Se dejó morder por serpientes durante años y se convirtió en una fuente de inspiración
La inmunidad adquirida por una persona en EE. UU. tras inyectarse veneno de serpiente durante 18 años y dejarse morder deliberadamente por algunas especies venenosas ha servido de inspiración para que los científicos desarrollen un nuevo antídoto eficaz contra múltiples especies.
AA
Según informa la BBC, un hombre llamado Tim Friede, residente en el estado de Wisconsin, realizó un estudio sobre antídotos inyectándose veneno de serpiente a sí mismo durante 18 años.
Como resultado de los estudios realizados por científicos sobre el sistema inmunológico de Friede, se desarrolló una fórmula de antiveneno que, según se indica, es eficaz contra 19 especies diferentes de serpientes venenosas.
Aunque el antiveneno desarrollado hasta ahora solo se ha probado en ratones, los investigadores señalan que podrían pasar varios años antes de pasar a los ensayos en humanos.
Jacob Glanville, inmunólogo que forma parte del equipo de investigación, declaró: "La experiencia de Tim en este campo es única.
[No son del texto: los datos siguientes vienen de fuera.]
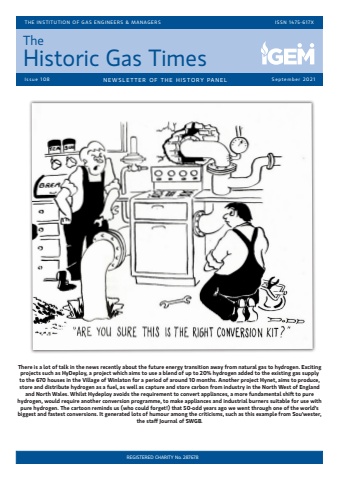 Issue 108NEWSLETTER OF THE HISTORY PANELSeptember 2021THE INSTITUTION OF GAS ENGINEERS & MANAGERSISSN 1475-617XREGISTERED CHARITY No. 287678TheHistoric Gas TimesThere is a lot of talk in the news recently about the future energy transition away from natural gas to hydrogen. Exciting projects such as HyDeploy, a project which aims to use a blend of up to 20% hydrogen added to the existing gas supply to the 670 houses in the Village of Winlaton for a period of around 10 months. Another project Hynet, aims to produce, store and distribute hydrogen as a fuel, as well as capture and store carbon from industry in the North West of England and North Wales. Whilst Hydeploy avoids the requirement to convert appliances, a more fundamental shift to pure hydrogen, would require another conversion programme, to make appliances and industrial burners suitable for use with pure hydrogen. The cartoon reminds us (who could forget!) that 50-odd years ago we went through one of the world's biggest and fastest conversions. It generated lots of humour among the criticisms, such as this example from Sou'wester, the staff Journal of SWGB.

Durante más de 17 años, intentó adquirir inmunidad con muchas especies de serpientes venenosas de diferentes continentes y mantuvo registros meticulosos durante este proceso".
Glanville también subrayó que este método no es recomendable en absoluto, advirtiendo que "el veneno de serpiente es peligroso".
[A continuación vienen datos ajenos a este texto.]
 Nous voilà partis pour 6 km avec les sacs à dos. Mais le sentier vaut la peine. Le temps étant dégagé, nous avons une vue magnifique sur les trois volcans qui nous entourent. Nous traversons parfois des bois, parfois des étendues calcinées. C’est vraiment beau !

Por su parte, Peter Kwong, de la Universidad de Columbia, señaló que el estudio tiene dos aspectos importantes: "En primer lugar, podríamos tener una combinación de antídotos que podría desarrollarse en pocos años. En segundo lugar, demuestra el gran potencial que tiene el sistema inmunológico humano".
Tim Friede señaló que ha sentido interés por los reptiles y los animales venenosos desde su infancia, que comenzó a inyectarse veneno inicialmente por "simple curiosidad" y que, posteriormente, se dio cuenta de que esta experiencia podría ayudar a otros.
Steven Hall, farmacólogo de venenos de serpiente en la Universidad de Lancaster (Reino Unido), calificó el método de "muy creativo e impresionante", y afirmó que los anticuerpos de origen humano podrían generar menos efectos secundarios en comparación con los antídotos obtenidos tradicionalmente de los caballos.
Según la Organización Mundial de la Salud (OMS), cerca de 110 mil personas mueren cada año debido a mordeduras de serpiente.
Por otro lado, la producción tradicional de antídotos se realiza inyectando veneno a grandes mamíferos para obtener anticuerpos, un proceso que resulta costoso y que, al ser específico para cada especie, puede tener un alcance limitado.